Because in today’s information-driven business landscape, effective knowledge management isn’t just a nice-to-have; it’s your competitive edge.

How AllyMatter addresses dual knowledge base challenges

AllyMatter solves the “bridging two worlds” challenge by enabling organizations to manage both internal and external documentation strategies from a single platform. The granular access control ensures detailed employee SOPs and proprietary processes remain secure, while simultaneously providing accessible, customer-focused content, all without the complexity of separate systems.

The platform recognizes that your finance team needs comprehensive procedural depth while your customers need streamlined, solution-focused guidance. Rather than forcing a compromise, AllyMatter adapts its interface and organization to serve each audience’s distinct needs, ensuring operational efficiency for employees and elevated self-service experience for customers through one unified solution.

Ready to unify your internal and external documentation strategy? Join the AllyMatter waitlist 

Frequently asked questions

Should we use separate platforms for internal and external knowledge bases? 

While some organizations use different platforms, managing two separate systems creates maintenance overhead and potential inconsistencies. A unified platform with robust access controls allows you to maintain both internal and external documentation efficiently while ensuring content quality across both audiences.

How do we prevent sensitive internal information from accidentally appearing in customer-facing documentation? 

Implement tiered access controls and approval workflows. Establish clear content governance where internal documentation requires different review processes than customer-facing content. Regular audits and role-based permissions ensure sensitive information stays within appropriate boundaries.

What’s the main difference in writing style between internal and external documentation? 

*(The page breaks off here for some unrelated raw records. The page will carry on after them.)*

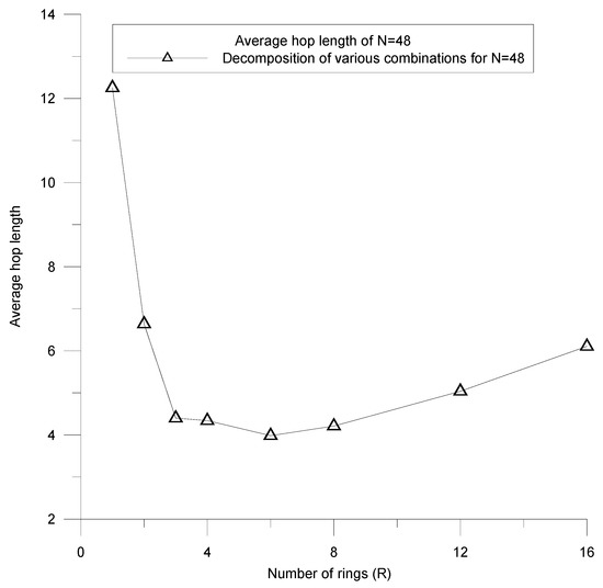 In the example of N = 48, there are eight decomposable multi-ring combinations except the cases (24, 2) and (48, 1) since at least three nodes are required to form a ring subnet. After calculating the various cases, the path length result of each combination is shown in Figure 1, which shows a minimum point when R = 6 with P = 8; this case achieves the minimum path length compared to all the other combinations. At the same time, the number of computations can be effectively reduced from eight to two if the constraint of R-P is set to four, thus improving the computation time required to determine the best configuration.
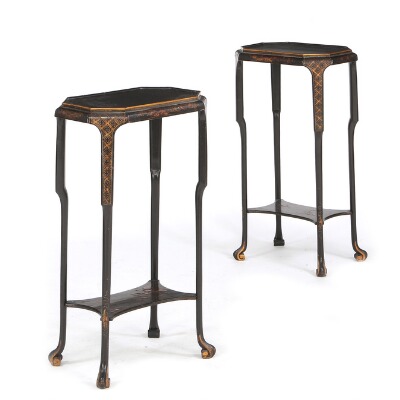 A pair of Chinese inspired black-lacquered and partially gilt occasional tables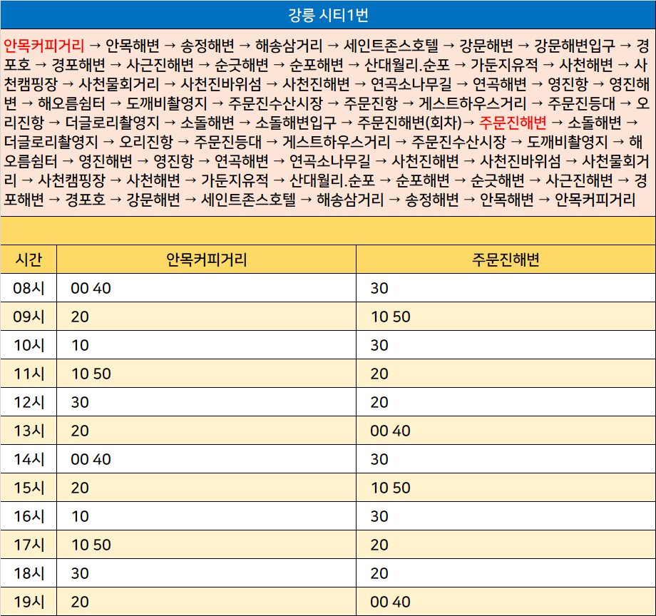강릉 시티1번: 안목커피거리 → 안목해변 → 송정해변 → 해송삼거리 → 세인트존스호텔 → 강문해변 → 강문해변입구 → 경포호 → 경포해변 → 사근진해변 → 순긋해변 → 순포해변 → 산대월리.순포 → 가둔지유적 → 사천해변 → 사천캠핑장 → 사천물회거리 → 사천진바위섬 → 사천진해변 → 연곡소나무길 → 연곡해변 → 영진항 → 영진해변 → 해오름쉼터 → 도깨비촬영지 → 주문진수산시장 → 주문진항 → 게스트하우스거리 → 주문진등대 → 오리진항 → 더글로리촬영지 → 소돌해변 → 소돌해변입구 → 주문진해변(회차)→ 주문진해변 → 소돌해변 → 더글로리촬영지 → 오리진항 → 주문진등대 → 게스트하우스거리 → 주문진수산시장 → 도깨비촬영지 → 해오름쉼터 → 영진해변 → 영진항 → 연곡해변 → 연곡소나무길 → 사천진해변 → 사천진바위섬 → 사천물회거리 → 사천캠핑장 → 사천해변 → 가둔지유적 → 산대월리.순포 → 순포해변 → 순긋해변 → 사근진해변 → 경포해변 → 경포호 → 강문해변 → 세인트존스호텔 → 해송삼거리 → 송정해변 → 안목해변 → 안목커피거리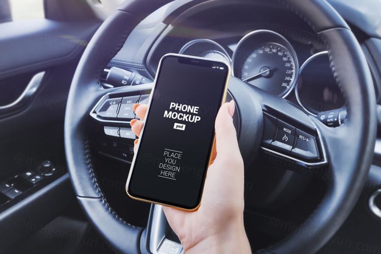 图穷联素材库 » 车内手持手机车载互联APP设计提案PSD样机模板 Hand Holding Phone in Car

Internal documentation can use company terminology and assume organizational context, while external documentation must eliminate jargon and provide complete context. Internal content focuses on efficiency and completeness, while external content prioritizes clarity and user success.

How do we measure if our dual knowledge base approach is working? 

For internal documentation, track metrics like employee time-to-information and training efficiency. For external documentation, monitor support ticket reduction and customer satisfaction scores. The key is ensuring each serves its specific audience effectively rather than using identical success metrics.